The problem is that we are trying to linearize the unlinearizable. Code, especially Forth code, is more of a tree. We read and write code linearly - a function consists of a bunch of tokens, and think of it as an ordered sequence. But the threaded code is executed as a depth-first tree walk, down into definitions until the bottom CODE, then up and down again, until the entire tree is walked. It's kind of awe-inspiring to visualize execution.
So, whether IF jumps over some code or jumps sideways to some code somewhere else makes little difference. This opens the door for if's clauses to be elsewhere as anonymous subroutines, os as Slava of Factor calls them, quotations.

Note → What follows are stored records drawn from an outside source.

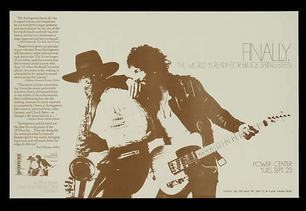 This work of art is currently on loan to the museum.At this 1975 concert on Springsteen’s twenty-sixth birthday, he performed music from Born to Run, which had been released less than a month earlier.
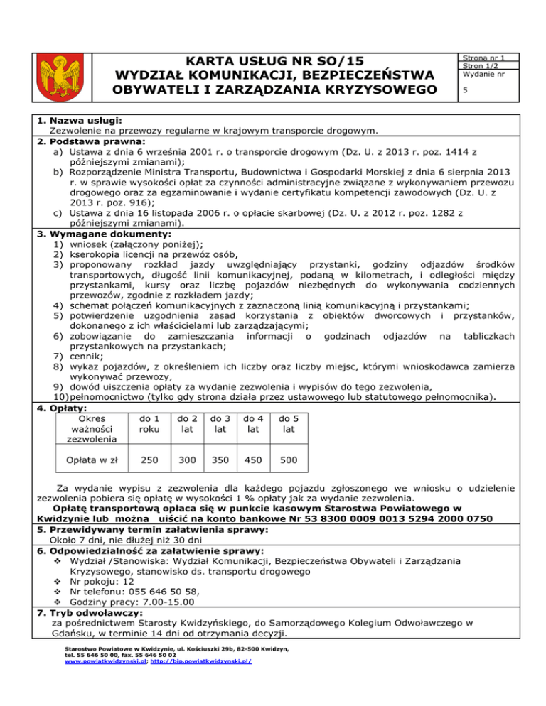 KARTA USŁUG NR SO/15 WYDZIAŁ KOMUNIKACJI, BEZPIECZEŃSTWA OBYWATELI I ZARZĄDZANIA KRYZYSOWEGO Strona nr 1 Stron 1/2 Wydanie nr 5 1. Nazwa usługi: Zezwolenie na przewozy regularne w krajowym transporcie drogowym. 2. Podstawa prawna: a) Ustawa z dnia 6 września 2001 r. o transporcie drogowym (Dz. U. z 2013 r. poz. 1414 z późniejszymi zmianami); b) Rozporządzenie Ministra Transportu, Budownictwa i Gospodarki Morskiej z dnia 6 sierpnia 2013 r. w sprawie wysokości opłat za czynności administracyjne związane z wykonywaniem przewozu drogowego oraz za egzaminowanie i wydanie certyfikatu kompetencji zawodowych (Dz. U. z 2013 r. poz. 916); c) Ustawa z dnia 16 listopada 2006 r. o opłacie skarbowej (Dz. U. z 2012 r. poz. 1282 z późniejszymi zmianami). 3. Wymagane dokumenty: 1) wniosek (załączony poniżej); 2) kserokopia licencji na przewóz osób, 3) proponowany rozkład jazdy uwzględniający przystanki, godziny odjazdów środków transportowych, długość linii komunikacyjnej, podaną w kilometrach, i odległości między przystankami, kursy oraz liczbę pojazdów niezbędnych do wykonywania codziennych przewozów, zgodnie z rozkładem jazdy; 4) schemat połączeń komunikacyjnych z zaznaczoną linią komunikacyjną i przystankami; 5) potwierdzenie uzgodnienia zasad korzystania z obiektów dworcowych i przystanków, dokonanego z ich właścicielami lub zarządzającymi; 6) zobowiązanie do zamieszczania informacji o godzinach odjazdów na tabliczkach przystankowych na przystankach; 7) cennik; 8) wykaz pojazdów, z określeniem ich liczby oraz liczby miejsc, którymi wnioskodawca zamierza wykonywać przewozy, 9) dowód uiszczenia opłaty za wydanie zezwolenia i wypisów do tego zezwolenia, 10) pełnomocnictwo (tylko gdy strona działa przez ustawowego lub statutowego pełnomocnika). 4. Opłaty: do 1 do 2 do 3 do 4 do 5 Okres ważności roku lat lat lat lat zezwolenia Opłata w zł 250 300 350 450 500 Za wydanie wypisu z zezwolenia dla każdego pojazdu zgłoszonego we wniosku o udzielenie zezwolenia pobiera się opłatę w wysokości 1 % opłaty jak za wydanie zezwolenia. Opłatę transportową opłaca się w punkcie kasowym Starostwa Powiatowego w Kwidzynie lub można uiścić na konto bankowe Nr 53 8300 0009 0013 5294 2000 0750 5. Przewidywany termin załatwienia sprawy: Około 7 dni, nie dłużej niż 30 dni 6. Odpowiedzialność za załatwienie sprawy: Wydział /Stanowiska: Wydział Komunikacji, Bezpieczeństwa Obywateli i Zarządzania Kryzysowego, stanowisko ds. transportu drogowego Nr pokoju: 12 Nr telefonu: 055 646 50 58, Godziny pracy: 7.00-15.00 7. Tryb odwoławczy: za pośrednictwem Starosty Kwidzyńskiego, do Samorządowego Kolegium Odwoławczego w Gdańsku, w terminie 14 dni od otrzymania decyzji. Starostwo Powiatowe w Kwidzynie, ul. Kościuszki 29b, 82-500 Kwidzyn, tel. 55 646 50 00, fax. 55 646 50 02 www.powiatkwidzynski.pl; http://bip.powiatkwidzynski.pl/ KARTA USŁUG NR SO/15 WYDZIAŁ KOMUNIKACJI, BEZPIECZEŃSTWA OBYWATELI I ZARZĄDZANIA KRYZYSOWEGO Strona nr 2 Stron 2/2 Wydanie nr 5 8. Uwagi: Pełnomocnictwo podlega opłacie skarbowej w wysokości 17 zł, która jest wpłacana na konto Urzędu Miejskiego w Kwidzynie lub na konto bankowe Nr 66 8300 0009 0008 2107 2000 0020. Z powyżej opłaty zwolnione są: małżonek, krewny wstępny, krewny zstępny, rodzeństwo. Do wglądu dowody osobiste. 9. Miejsce na notatki: Starostwo Powiatowe w Kwidzynie, ul. Kościuszki 29b, 82-500 Kwidzyn, tel. 55 646 50 00, fax. 55 646 50 02 www.powiatkwidzynski.pl; http://bip.powiatkwidzynski.pl/ Numer sprawy SO.III.7252…..201.. WNIOSEK o wydanie zezwolenia na wykonywanie regularnych przewozów osób w krajowym transporcie drogowym ................................................................... ................................................................................... (miejscowość, data) ................................................................... (oznaczenie przedsiębiorcy – nazwa) ................................................................... Starostwo Powiatowe ................................................................... (siedziba przedsiębiorcy – adres) w Kwidzynie ................................................................... (numer identyfikacji podatkowej (NIP)) ................................................................... (numer w rejestrze przedsiębiorców) ……………………………………………………………….…………. (numer telefonu) Proszę o wydanie zezwolenia na regularny przewóz osób w krajowym transporcie drogowym w ramach linii regularnej: …………………………….……..……………….. Na okres …………………… Autobus - Sztuk …… Do wniosku dołączam: 1. 2. 3. 4. 5. 6. 7. 8. kserokopię licencji, wykaz pojazdów samochodowych wraz z dowodami rejestracyjnymi, schemat połączeń komunikacyjnych z zaznaczoną linią komunikacyjną i przystankami, potwierdzenie uzgodnienia zasad korzystania z przystanków, dokonanego z ich właścicielami lub zarządzającymi, zobowiązanie do zamieszczenia informacji o godzinach odjazdów, proponowany rozkład jazdy uwzględniający przystanki, godziny odjazdów, długość linii komunikacyjnej, podanej w kilometrach, i odległości między przystankami, kursy oraz liczbę pojazdów niezbędnych do wykonywania codziennych przewozów, zgodnie z rozkładem jazdy, cennik, dowód wpłaty za wydanie zaświadczenia. ................................................................... ............................................................................................ (data, pieczęć i podpis przyjmującego wniosek) (czytelny podpis wnioskodawcy – pełnym imieniem i nazwiskiem) 3/P/U18/wydanie3/16.08.13 Starostwo Powiatowe w Kwidzynie, ul. Kościuszki 29b, 82-500 Kwidzyn, tel. 55 646 50 00, fax. 55 646 50 02 www.powiatkwidzynski.pl; http://bip.powiatkwidzynski.pl/ KARTA USŁUG NR SO/15 WYDZIAŁ KOMUNIKACJI, BEZPIECZEŃSTWA OBYW
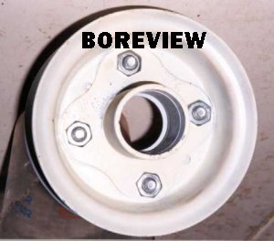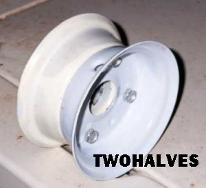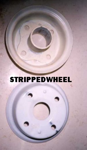 Here are 3 pictures of the new wheel. One with the bolts out and the bearings removed from the rear half and two views of the stripped assembled wheel. (boreview.jpg, strippedwheel.jpg, twohalves.jpg)
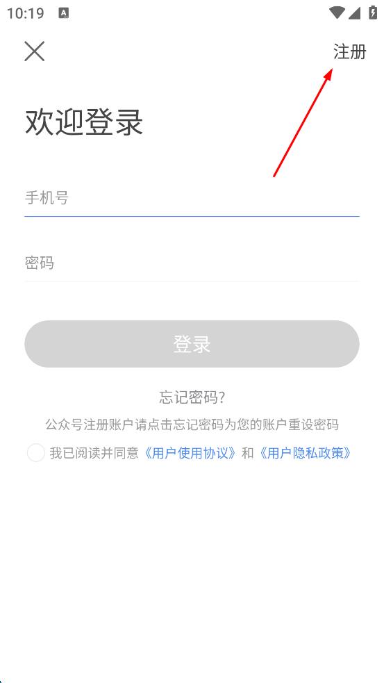 3、在登錄界面,點擊右上角的“注冊”選項,進(jìn)入手機號注冊頁面。
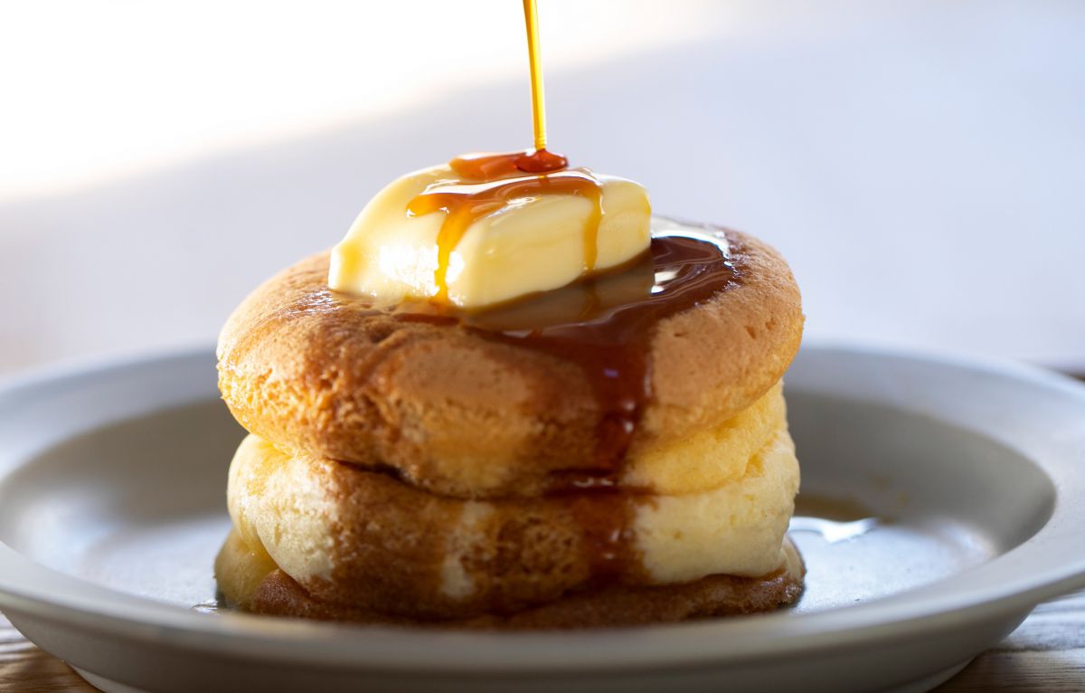 口当たりはしっとりふわふわ?!柔らかいパンケーキ「へたれパンケーキ」660円。名前もユニーク。

Quotations in Factor are anonymous subroutines, compiled in-place but not executed until something like IF chooses to.
In Factor, you would say
10 3 < [ "Math is broken" print ] [ "Math is good" print ] if
Roughly equivalent of Lisp's
(if (< 10 3) (print "Math is broken") (print "Math is good"))
This seem pretty good, and works just the way I like in terms of the codestream matching your expectations of source. And it's very Forthy: a quotation leaves an address on the stack, and IF can choose to execute it or not.
In practical terms, a straightforward implementation of inlining yet-unexecuted quotations requires a jump over the quotation that follows, but it can be made explicit by a <quotation><size>.... tokens, and perhaps even and <end-quotation> token which is never executed or perhaps is equivalent to a return.
Another way to do that is to relocate quotations elsewhere or compile them elsewhere in the first place, and put IF in front of the two possible quotation references. My preferred syntax would be something like
10 3 < IFELSE { ." math is broken" } { ." Math is good }
Which would look like
<lit>10<lit><3><<><IFELSE><Q1><Q2>... and elsewhere, Q1 is <quotation><."> Math is broken<enquotation> and Q2 is <quotation><."> Math is good<endquotation>
Note the use of IFELSE which takes two quotations, and IF which takes one: this is required since unlike Lisp we do not know where expressions end... I also like curly braces, leaving [ and ] to be able to go into compile mode or interpretive mode at will, as Forth allows you to.
This requires the decompiler to be able to inline the reconstructed quotation source, which is facilitated by the <quotation> token as a target of a reference, as opposed to a named function. Or we could omit such tokens and simply reverse-look-up the address to find a name, and failing that, assume a quotation.
Is it worth it? It does complicate the compiler somewhat, and why?
The concept of quotations is actually a very powerful tool, as it creates the possibility of passing first-class code chunks around as data. It is kind of a lambda.
More to come.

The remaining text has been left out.